RECORD EXTRACTS |
* * * * * * * * *
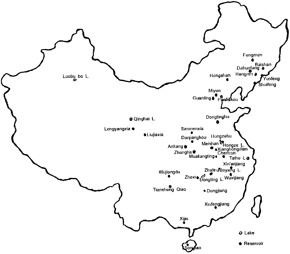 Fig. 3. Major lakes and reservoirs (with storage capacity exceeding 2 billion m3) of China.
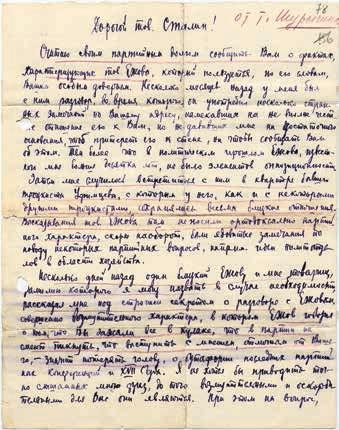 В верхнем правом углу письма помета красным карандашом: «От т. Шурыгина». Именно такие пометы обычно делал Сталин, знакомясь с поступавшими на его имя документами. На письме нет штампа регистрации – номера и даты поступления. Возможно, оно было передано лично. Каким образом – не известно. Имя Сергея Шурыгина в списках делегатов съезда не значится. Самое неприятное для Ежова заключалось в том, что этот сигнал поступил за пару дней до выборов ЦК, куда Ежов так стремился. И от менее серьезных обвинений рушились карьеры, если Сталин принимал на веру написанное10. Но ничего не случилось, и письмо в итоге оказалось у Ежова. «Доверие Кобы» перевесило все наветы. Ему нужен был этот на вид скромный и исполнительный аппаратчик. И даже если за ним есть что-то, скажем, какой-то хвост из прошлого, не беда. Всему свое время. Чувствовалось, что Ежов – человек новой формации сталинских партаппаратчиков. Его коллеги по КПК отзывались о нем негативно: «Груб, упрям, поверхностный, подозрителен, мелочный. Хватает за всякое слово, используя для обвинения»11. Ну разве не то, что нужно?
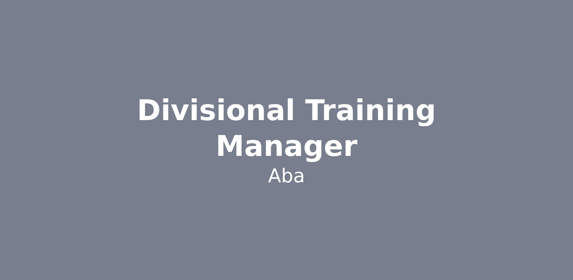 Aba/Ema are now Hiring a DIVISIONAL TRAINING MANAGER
* * * * * * * * *
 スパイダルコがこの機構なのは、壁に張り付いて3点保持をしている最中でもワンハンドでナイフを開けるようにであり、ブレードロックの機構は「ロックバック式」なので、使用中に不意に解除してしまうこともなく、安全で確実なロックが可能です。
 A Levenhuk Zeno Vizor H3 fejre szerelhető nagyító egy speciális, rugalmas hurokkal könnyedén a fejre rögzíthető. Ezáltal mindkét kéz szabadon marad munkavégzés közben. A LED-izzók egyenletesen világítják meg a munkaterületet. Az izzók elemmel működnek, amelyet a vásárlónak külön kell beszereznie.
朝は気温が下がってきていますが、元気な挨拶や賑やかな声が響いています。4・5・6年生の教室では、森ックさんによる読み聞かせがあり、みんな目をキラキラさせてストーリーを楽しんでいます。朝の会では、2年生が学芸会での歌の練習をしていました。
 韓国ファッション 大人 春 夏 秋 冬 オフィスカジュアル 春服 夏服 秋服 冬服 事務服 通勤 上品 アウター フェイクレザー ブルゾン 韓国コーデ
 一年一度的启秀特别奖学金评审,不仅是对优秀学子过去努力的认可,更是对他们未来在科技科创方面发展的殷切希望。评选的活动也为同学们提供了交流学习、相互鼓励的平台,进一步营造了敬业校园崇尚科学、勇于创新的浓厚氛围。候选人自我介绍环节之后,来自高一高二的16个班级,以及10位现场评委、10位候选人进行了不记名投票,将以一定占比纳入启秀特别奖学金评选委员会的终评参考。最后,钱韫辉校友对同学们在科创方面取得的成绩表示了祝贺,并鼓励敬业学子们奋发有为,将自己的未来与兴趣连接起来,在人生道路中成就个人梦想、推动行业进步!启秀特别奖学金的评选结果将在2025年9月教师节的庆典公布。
* * * * * * * * *
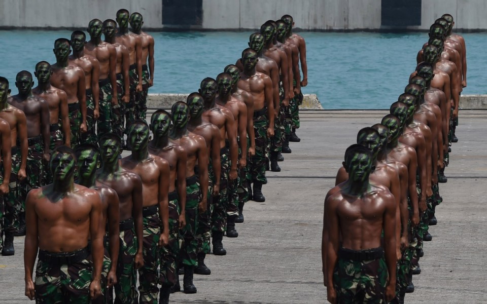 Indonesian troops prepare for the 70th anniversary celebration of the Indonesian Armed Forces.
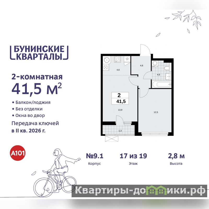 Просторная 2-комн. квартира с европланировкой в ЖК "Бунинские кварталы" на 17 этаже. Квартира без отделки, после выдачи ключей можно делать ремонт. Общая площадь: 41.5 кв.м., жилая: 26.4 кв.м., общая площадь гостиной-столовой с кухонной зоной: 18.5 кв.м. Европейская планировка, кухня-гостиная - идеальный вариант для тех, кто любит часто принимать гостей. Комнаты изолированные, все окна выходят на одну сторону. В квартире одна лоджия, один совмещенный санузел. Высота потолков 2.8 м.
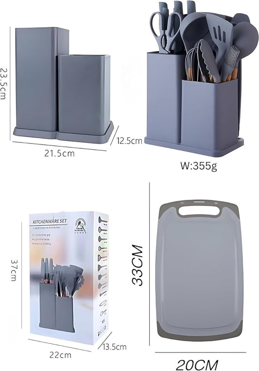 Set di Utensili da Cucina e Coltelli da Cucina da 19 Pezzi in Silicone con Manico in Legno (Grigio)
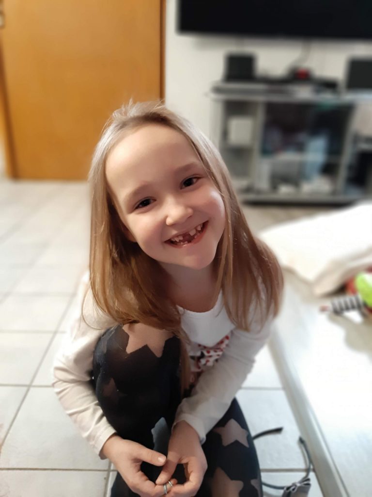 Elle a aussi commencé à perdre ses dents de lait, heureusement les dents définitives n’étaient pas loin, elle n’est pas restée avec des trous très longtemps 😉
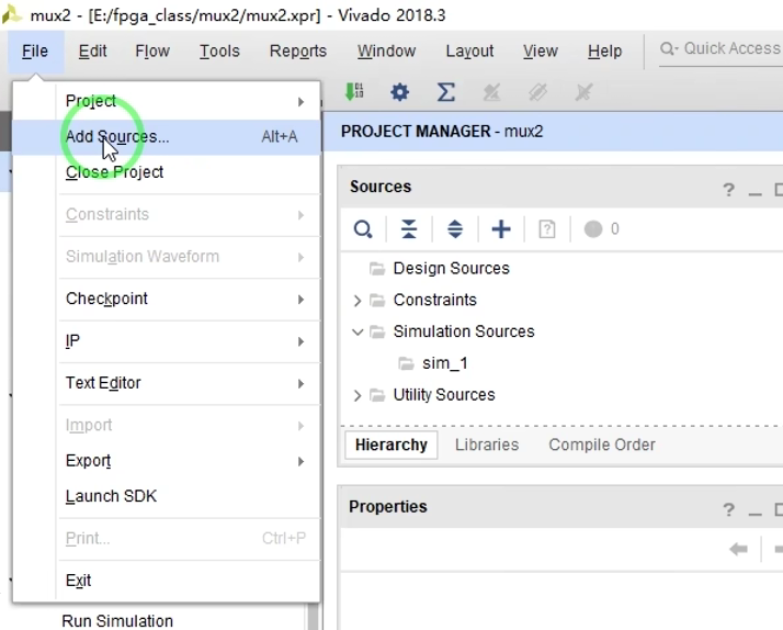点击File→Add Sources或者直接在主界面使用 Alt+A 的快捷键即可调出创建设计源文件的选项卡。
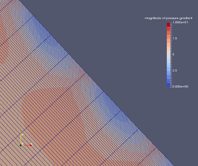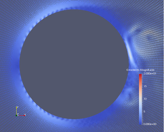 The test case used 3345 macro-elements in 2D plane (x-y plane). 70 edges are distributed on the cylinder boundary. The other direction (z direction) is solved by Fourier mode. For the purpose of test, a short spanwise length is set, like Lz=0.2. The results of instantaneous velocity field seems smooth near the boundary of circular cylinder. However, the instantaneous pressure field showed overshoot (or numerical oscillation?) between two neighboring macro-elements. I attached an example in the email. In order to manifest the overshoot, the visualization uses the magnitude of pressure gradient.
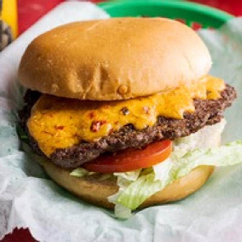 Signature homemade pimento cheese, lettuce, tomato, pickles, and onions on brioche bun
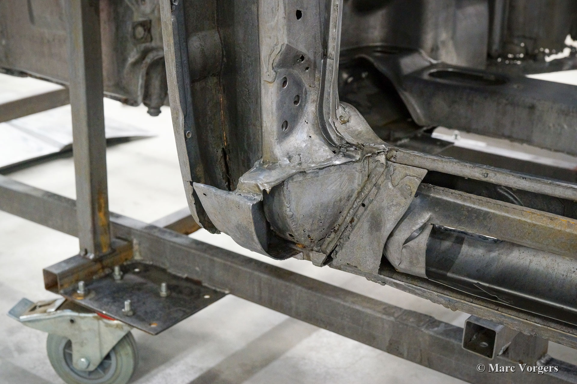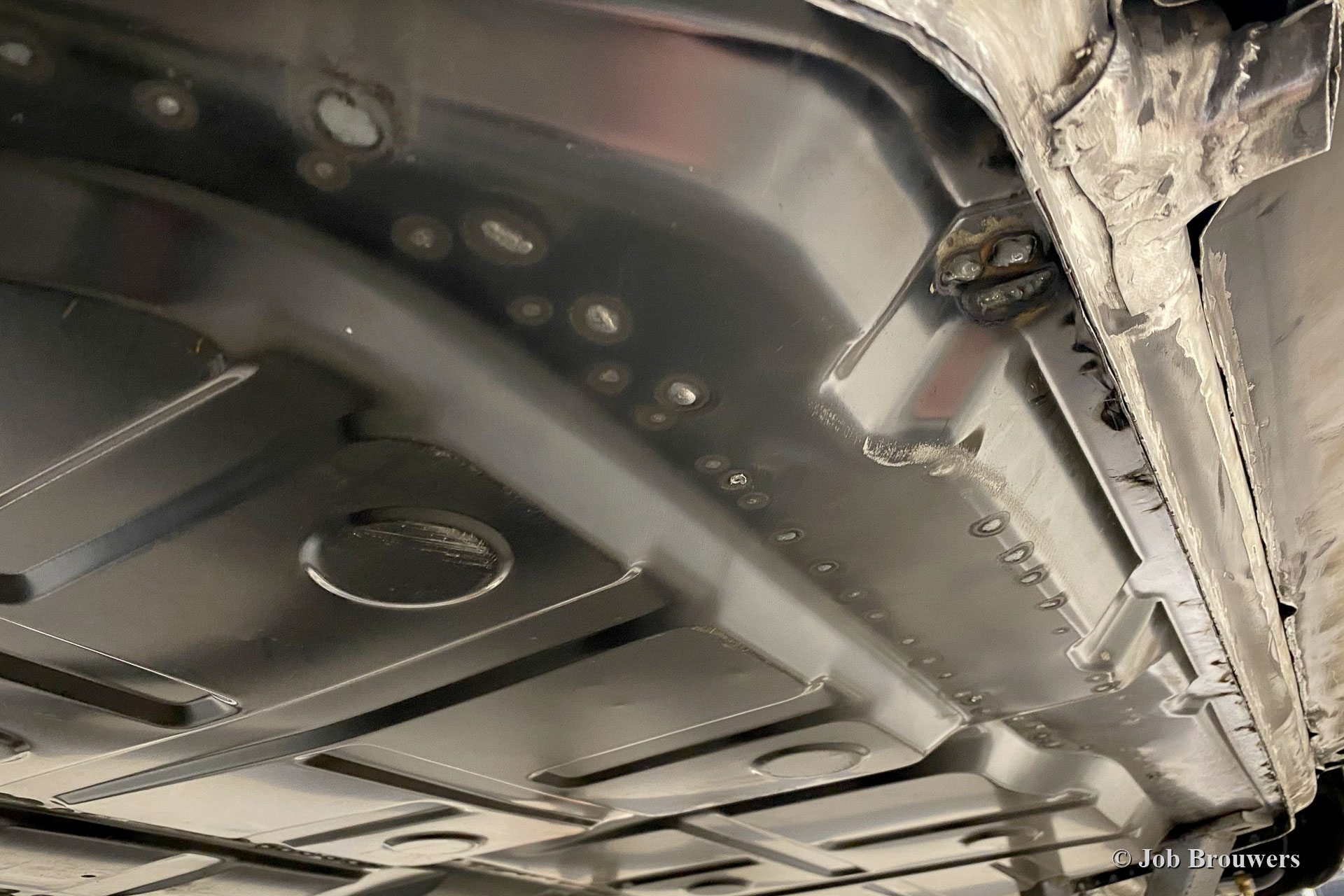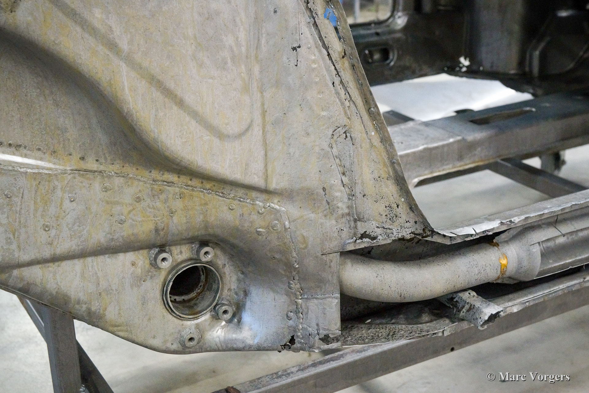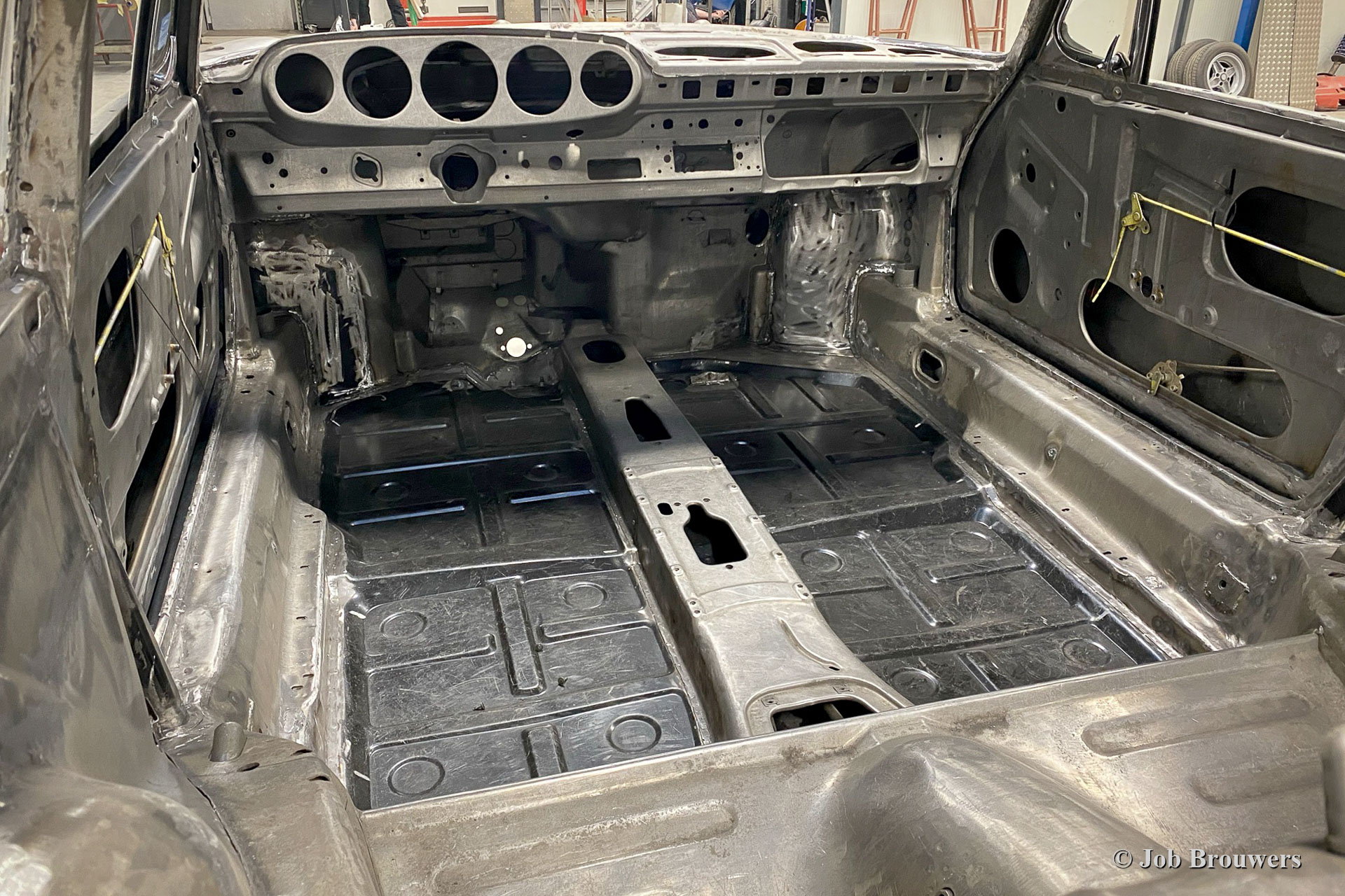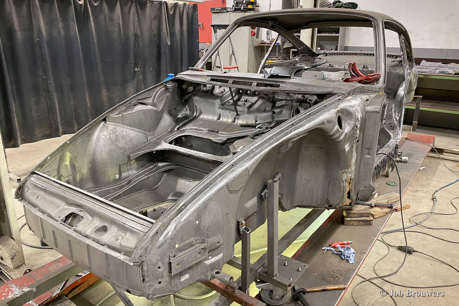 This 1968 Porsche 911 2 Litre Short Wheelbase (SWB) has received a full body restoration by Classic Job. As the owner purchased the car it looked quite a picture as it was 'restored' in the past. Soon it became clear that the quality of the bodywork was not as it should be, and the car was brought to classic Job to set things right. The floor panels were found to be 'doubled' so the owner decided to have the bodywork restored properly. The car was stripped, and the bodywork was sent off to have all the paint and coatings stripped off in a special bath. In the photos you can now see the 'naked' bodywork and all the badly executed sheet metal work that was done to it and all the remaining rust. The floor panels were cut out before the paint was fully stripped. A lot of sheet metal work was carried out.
* * * * * * * * *
EXERCISE AIM | Working from the records above, set down word for word everything from the line containing "Set di Utensili" down to the line containing "Signature homemade pimento", ends included, minus the pictures.

PROBLEM SOLUTION |
 Set di Utensili da Cucina e Coltelli da Cucina da 19 Pezzi in Silicone con Manico in Legno (Grigio)
 Elle a aussi commencé à perdre ses dents de lait, heureusement les dents définitives n’étaient pas loin, elle n’est pas restée avec des trous très longtemps 😉
点击File→Add Sources或者直接在主界面使用 Alt+A 的快捷键即可调出创建设计源文件的选项卡。
 The test case used 3345 macro-elements in 2D plane (x-y plane). 70 edges are distributed on the cylinder boundary. The other direction (z direction) is solved by Fourier mode. For the purpose of test, a short spanwise length is set, like Lz=0.2. The results of instantaneous velocity field seems smooth near the boundary of circular cylinder. However, the instantaneous pressure field showed overshoot (or numerical oscillation?) between two neighboring macro-elements. I attached an example in the email. In order to manifest the overshoot, the visualization uses the magnitude of pressure gradient.
 Signature homemade pimento cheese, lettuce, tomato, pickles, and onions on brioche bun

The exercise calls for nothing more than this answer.